Генерал и его армия - Владимов Георгий Николаевич 8 стр.


А надежда оставалась, хоть и очень слабая. Постреливая одиночными – то из своего ППШ, то из маузера, – после каждого выстрела подышивая себе на руки и уже не различая, ночь ли глубокая или всё тянется зимний вечер, он всё же нет-нет да согревал себя тем мудрым соображением, что и противнику не легче. И когда же нибудь наскучит этим немцам мёрзнуть на снегу, и плюнут они возиться с ним: за ради бекеши жизнью рисковать кому охота, а на отпуск – если генерал не живой – тоже можно не рассчитывать. Только вот уйдут ли в тепло все сразу? Народ аккуратный, оставят, поди, часовых и будут подменивать – хоть до утра.

Что-то надо было предпринять ещё до света, хоть отползти подальше да схорониться в каком-нито овражке либо снегом засыпаться. Генерала оставить он не мог, тот покуда хрипел, поэтому Шестериков, чуть отползя назад, попробовал его подтянуть к себе за ноги. Так не получалось: бурки сползали с ног, а бекеша задиралась.
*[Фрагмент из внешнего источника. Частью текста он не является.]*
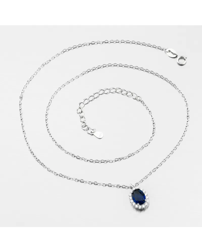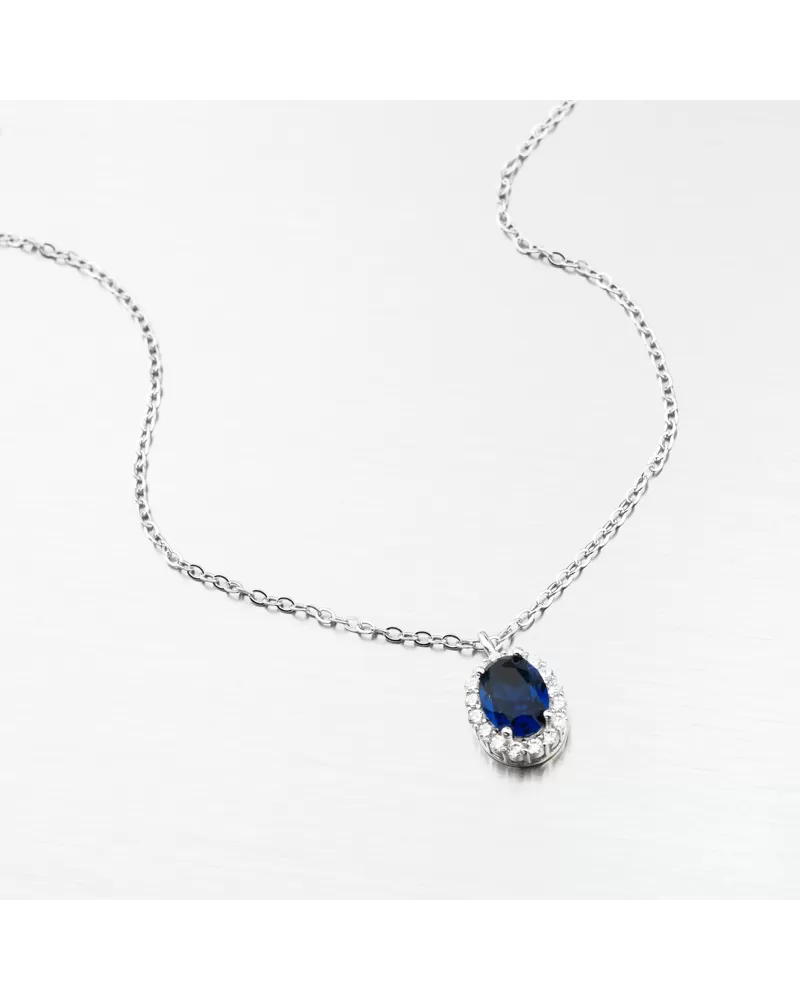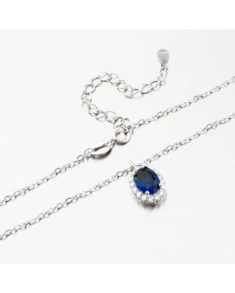 Buďte neprehliadnuteľná s týmto náhrdelníkom, ktorý zdobí prívesok oválneho tvaru. Dominantou prívesku je modrý syntetický zafír v nádhernej modrej farbe. Okolo zafíru sú po celom obvode vsadené žiarivé zirkóny. Zirkóny sú briliantového brusu, ktorý im dodáva dokonalú brilanciu, skvele odráža svetlo a krásne žiari z každého uhla pohľadu.

Он решил по-другому: толкая генерала плечом и лбом, развернул его головою от Перемерок и, на всё уже плюнув, привстав на колени, потащил за меховой воротник. Протащив метров пять, вернулся за автоматом – его приходилось оставлять, уж больно мешал. И, произведя выстрел с колена, в снег уже не ложась, поспешил назад к генералу – сделать очередной ползок.
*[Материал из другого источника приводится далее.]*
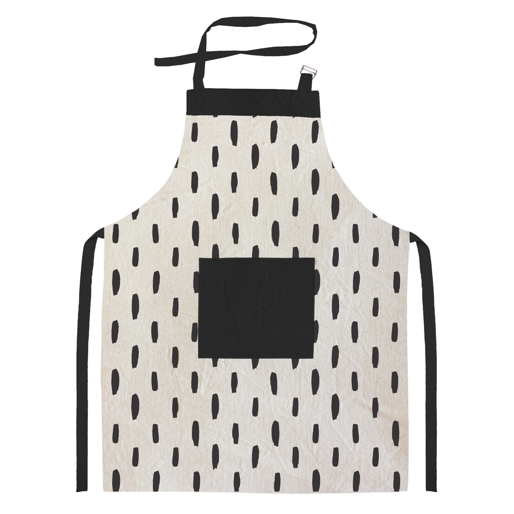 Delantal de tusor en color natural con estampado negro, diseñado para brindar comodidad y estilo en la cocina, el taller o cualquier actividad creativa. Confeccionado en tela liviana y resistente, protege de manchas y salpicaduras sin sacrificar movilidad.

Меж тем в Перемерках начались какие-то иные шевеления – огонь вдруг зачастил, крики усилились, и Шестериков это так понял, что к тем, замерзающим, прибыли на подмогу другие, отогревшиеся. Уже не тридцать автоматов, а, пожалуй, сто чесали без продыху, и все пули, конечно, летели в Шестерикова. Это уже потом он узнал, что Свиридов, обеспокоенный слишком долгим путешествием генерала, сунул наконец глаза в карту и, с ужасом поняв, в какую ловушку пригласил он дорогого гостя, выслал роту – прочесать эти Перемерки и без командующего, живого или мёртвого, не возвращаться. И, покуда та рота вела бой на улицах села, Шестериков ей помогал как мог и как понимал свою задачу: оттаскивал генерала, сколько сил было, подальше прочь. Стрелять ему уже и смысла не было, за своим огнём немцы бы не расслышали его ответный, а вспышки его бы только демаскировали.
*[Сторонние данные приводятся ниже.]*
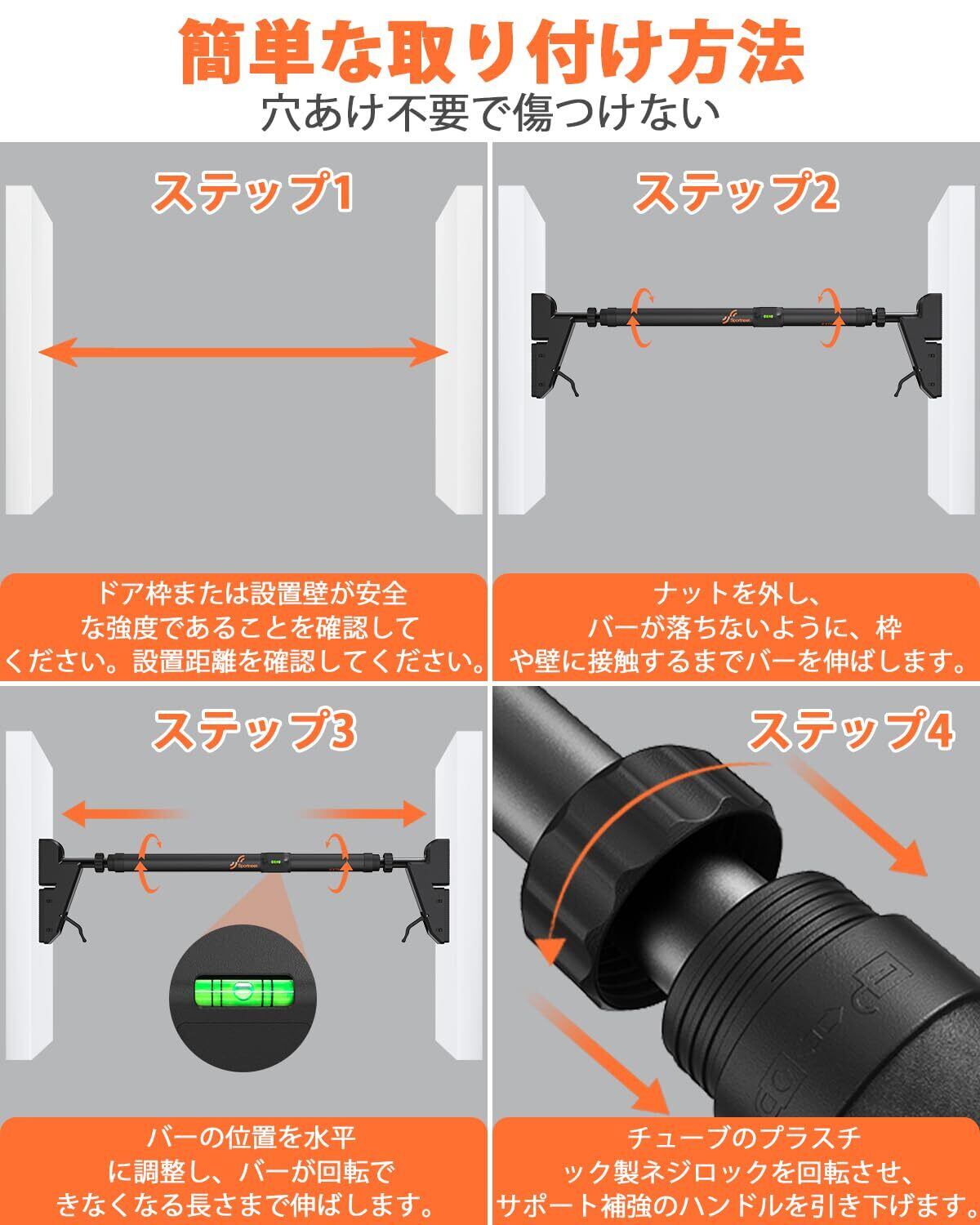 4ステップの簡単取り付け:精確な水準器が搭載され、設置作業も簡単です。好みの長さと高さに調整するだけで、準備は完了です。(注意:設置前に必ず、玄関や壁の耐久性、バーを支える十分な強度があるかを確認してください。タイルやガラスなど、非堅固な構造物への設置は避けてください。)

Когда пальба в Перемерках поутихла, они с генералом были уже далеко в поле, и позёмкой замело их широкий след, а там и овражек неглубокий попался, куда можно было стащить умирающего и хоть перевязать наконец. Расстегнув бекешу с залитой кровью подкладкой, Шестериков увидал, прощупал, что вся гимнастёрка на животе измокла в чёрном и липком. Из одной дырки, рассудил он, столько натечь не могло, и не найти её было. Задрав гимнастёрку и перекатывая генерала с боку на бок, Шестериков намотал ему вокруг туловища весь свой индивидуальный пакет да потуже затянул ремень. Вот всё, что мог он сделать. Затем, передохнув, опять потащил генерала – по дну овражка, теперь уже метров за полста перенося и вещмешок свой, и маузер, и автомат и вновь возвращаясь за раненым. Генерал уже не хрипел и не булькал, а постанывал изредка и совсем тихо, будто погрузившись в глубокий сон.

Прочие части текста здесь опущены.